PICs are in particular widely used to perform linear operations on light, featuring components such as static beamsplitters and tunable phase shifters, which are controlled by voltages or electric currents. Nevertheless, these elements exhibit imperfections in current photonic devices that cannot be overlooked [see Fig. 1(a)]. In terms of practical applications, these defects lead for instance to a severe degradation in performance of optical neural networks [9] and a marked decrease in the fidelity of quantum gates [10]. Optimal control of PICs despite deviation from ideal devices is thus a primary challenge for quantum and classical applications.

 figure: Fig. 1.

Fig. 1. Photonic chip imperfections modeled in a virtual replica. (a) Physical photonic integrated circuits (PICs) often exhibit various imperfections resulting from fabrication constraints, tolerances, and operation wavelength, illustrated here on a simplified PIC. In general, input and output ports have different optical transmissions, stored in vectors ${\vec T_{{\rm in}}}$ and ${\vec T_{{\rm out}}}$. In addition, the real beamsplitter reflectivity values $\vec R$ deviate from the target. Phase shifters (purple components) dissipating heat entail a phase-voltage relation of the type $\vec \phi = \vec \phi (\vec V)$ between all the physical phase shifts $\vec \phi$ and applied voltages $\vec V$. In addition, optical path variations lead to non-zero phase shifts even without any voltages applied, i.e., $\vec \phi (\vec 0) = {\vec c_0} \ne \vec 0$. When sending light into the PIC, here represented by a laser pulse, the output light intensity distribution $\vec p$ depends on the applied voltages and the chosen input port. (b) Our characterization process uses a virtual replica of the physical PIC. Hardware imperfections are modeled in the replica following Section 2. The model parameters represent the replica current knowledge of the physical PIC characteristics: matrix phase-voltage relation $\hat {\vec \phi} = {\hat C_2} \cdot {\vec V^{\odot 2}} + {\hat {\vec c}_0}$ [see Eq. (2)], optical input/output transmissions ${\hat {\vec T}_{{\rm in}}}$ and ${\hat {\vec T}_{{\rm out}}}$, and beamsplitter reflectivities $\hat {\vec R}$, where the hat notation indicates predicted quantities. When given a list of voltages $\vec V$, the model predicts the implemented phases $\hat {\vec \phi}$ on the virtual PIC and generates the matrix $\hat U = U(\hat {\vec \phi} ,\hat {\vec R},{\hat {\vec T}_{{\rm in}}},{\hat {\vec T}_{{\rm out}}})$ that encapsulates the virtual PIC action on light. The model then computes the predicted output light intensity distribution $\hat {\vec p}$, normalized such that its elements sum to 1, resulting from light injected into a single input port.

Download Full Size | PDF

Self-configuration protocols for PICs exist and mitigate imperfections without requiring detailed knowledge about the device. PIC self-configuration is a viable option in specific use cases, requiring for instance to route light from one input to one output [11,12], or when dealing with particular photonic circuits [13]. Otherwise, the light amplitude and phase transformation implemented by a PIC must be measured [1417] and the phase shifters reconfigured in a trial-and-error approach until the targeted transformation is reached.

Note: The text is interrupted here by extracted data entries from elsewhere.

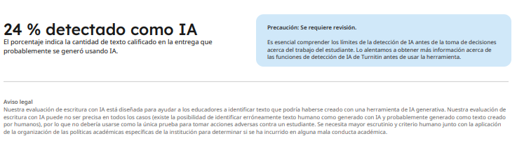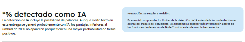 Cuando el porcentaje de detección de IA es menor al 20%, no lo considera como contenido generado por inteligencia artificial. En lugar de mostrar un número, aparece un asterisco (*), y no se resalta ningún fragmento del texto. Esto se debe a que el sistema interpreta estos niveles bajos como posibles falsos positivos, por lo que el documento puede tomarse como libre de IA.
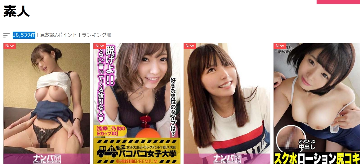 素人系の作品も18,539件万本以上が見放題で配信されていてかなり豊富です。
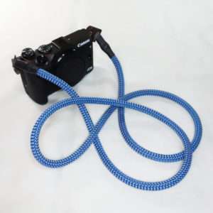 ブルーのストラップも同じマムートのクライミングロープを使用していますが、こちらは少し太く8mm経で強度が上がっています。比較的大きめのレンズでもカメラと合わせて1kg前後であれば対応が可能です。クライミングロープストラップ試作1号だったのもありあまり重たいレンズには使用しない事にしています。
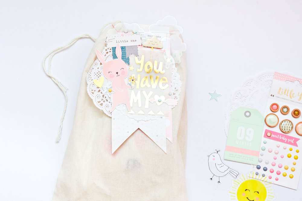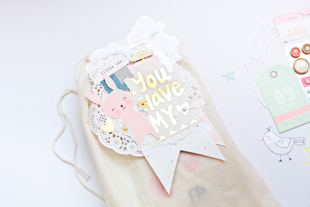 With packaging in mind, I wanted to give the muslin bag that filled with a baby dress a little fancy look. So I decided to create a packaging tag. It all started with two patterned papers that I cut into paper banner. And with that as my base, I layered paper doily and all the fun embellishments from the Little You collection.
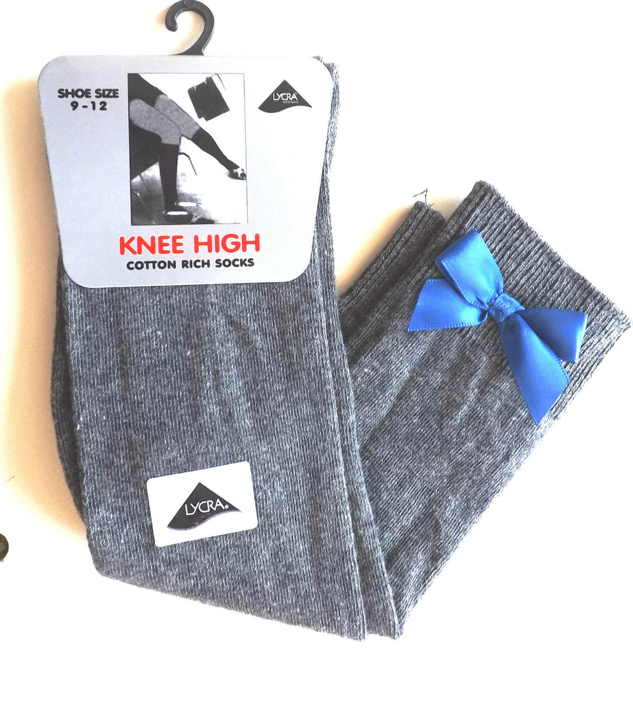GREY WITH NAVY BLUE BOW / 12.5-3.5 (7-10 yrs) - £2.69 GBP
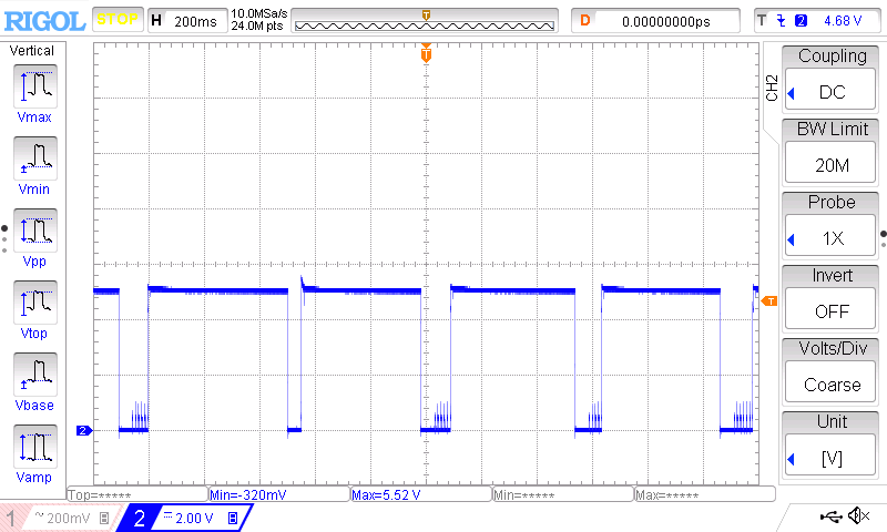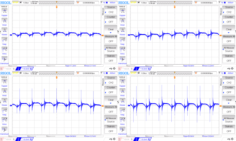 Уровень пульсаций невысокий, даже с учетом «звона» размах под нагрузкой около 40 мВ от пика до пика, на малых нагрузках менее 10 мВ. По осциллограммам видно, что частота переключения преобразователя составляет около 600 кГц и не зависит от нагрузки.
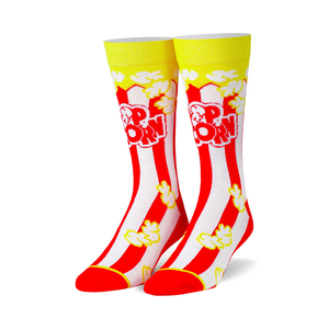 Get ready to pop with excitement with our Popcorn Bucket socks! These crew-length socks are red and white striped with yellow tops, featuring white popcorn kernels all over and bold red text that screams "POP CORN" in a retro font. Perfect for men and women, these socks are sure to add a fun and playful touch to your everyday style. Pop on a pair and let the popcorn party begin!

This is however a costly and experimentally cumbersome operation hindering taking full advantage of PIC reconfigurability. Self-configuration may additionally break down in the presence of inhomogeneous output losses and crosstalk between phase shifters.

A promising strategy is to leverage the capabilities of machine learning. Neural networks have been successfully trained in a black-box approach to connect the measured single-photon statistics produced by a 3-mode PIC to the voltages applied on 2 phase shifters [18]. Neural networks were also used in intermediate gray-box approaches where the algorithm only learns the Hamiltonian of the photonic device and the measurement probabilities are computed according to the laws of quantum mechanics [19]. In both cases, scalability is a major issue as the number of required data samples to train the neural network grows heavily with the complexity of the physical PIC.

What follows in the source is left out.